Aim of the exercise: Keep the images out and set the listing below down word for word.

─── Information provided

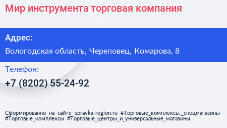 Мир инструмента, торговая компания по адресу Вологодская область, Череповец, Комарова, 8 в дальнейшем Организация, размещена в следующих категориях:
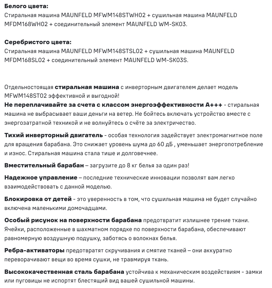 Стиральная машина MAUNFELD (Маунфилд) MFWM148STWH02
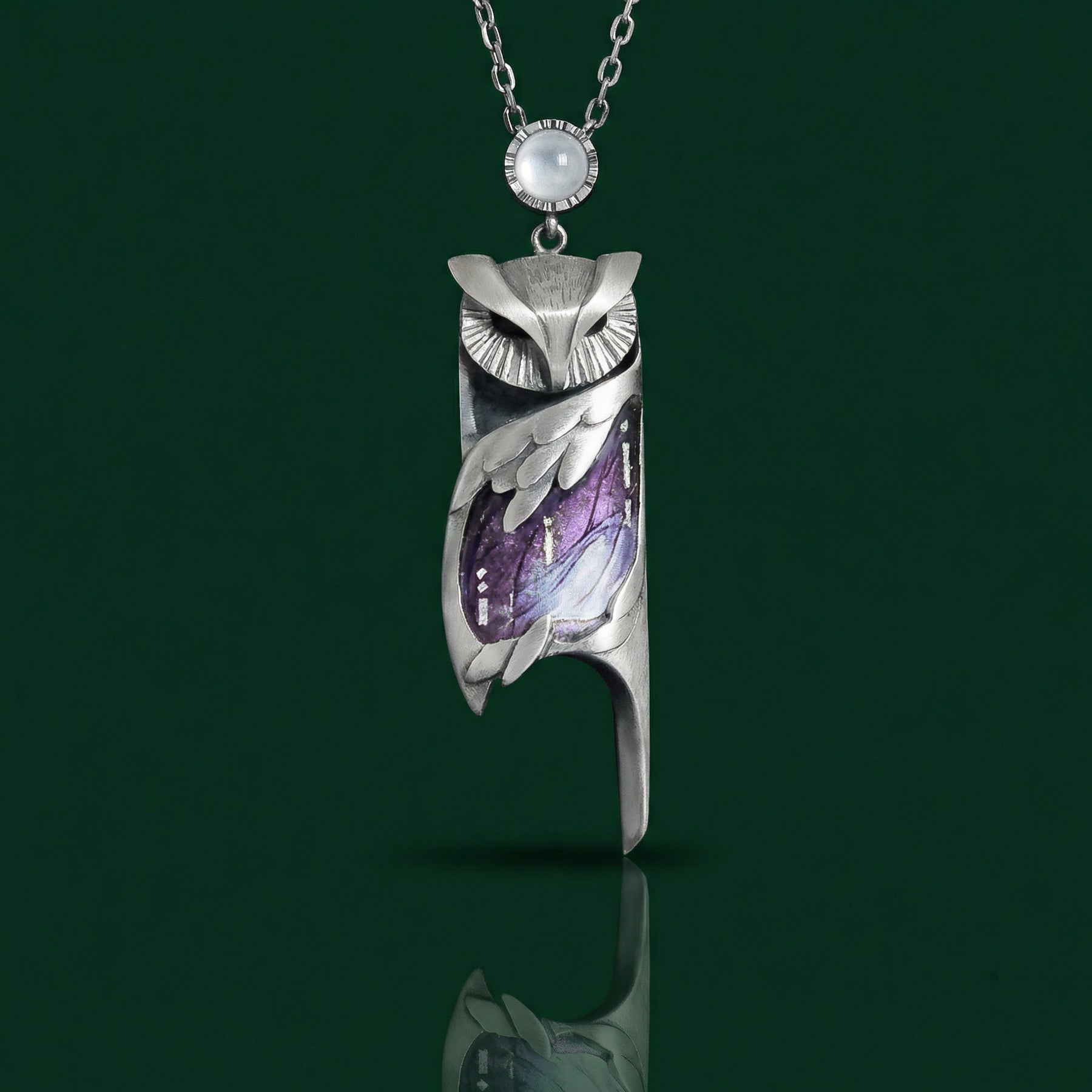π Mystical Purple Wings Owl Pendant

──────

Output:
 Мир инструмента, торговая компания по адресу Вологодская область, Череповец, Комарова, 8 в дальнейшем Организация, размещена в следующих категориях:
 Стиральная машина MAUNFELD (Маунфилд) MFWM148STWH02
π Mystical Purple Wings Owl Pendant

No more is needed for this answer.